> _Dataset records_
>>>>

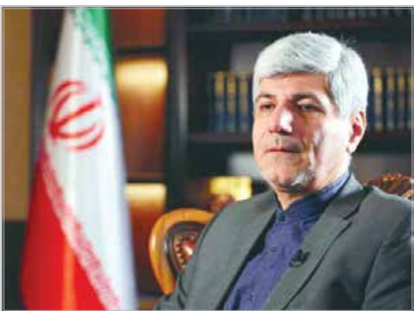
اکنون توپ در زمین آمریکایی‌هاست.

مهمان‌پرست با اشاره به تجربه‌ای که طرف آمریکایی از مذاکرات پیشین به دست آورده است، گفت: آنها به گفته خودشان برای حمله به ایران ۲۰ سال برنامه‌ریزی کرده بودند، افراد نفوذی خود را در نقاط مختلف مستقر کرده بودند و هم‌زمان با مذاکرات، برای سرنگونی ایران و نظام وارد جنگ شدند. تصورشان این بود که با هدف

<<<<
>>>>

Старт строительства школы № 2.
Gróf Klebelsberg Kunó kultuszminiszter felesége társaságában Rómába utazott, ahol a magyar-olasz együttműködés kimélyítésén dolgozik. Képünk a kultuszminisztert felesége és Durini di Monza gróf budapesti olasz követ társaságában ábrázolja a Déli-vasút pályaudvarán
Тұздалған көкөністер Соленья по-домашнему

<<<<

> _Required work_
What is the number of lines in this material that hold the string "آمریکایی"? Answer with that number only.

> _Solution to the problem_
2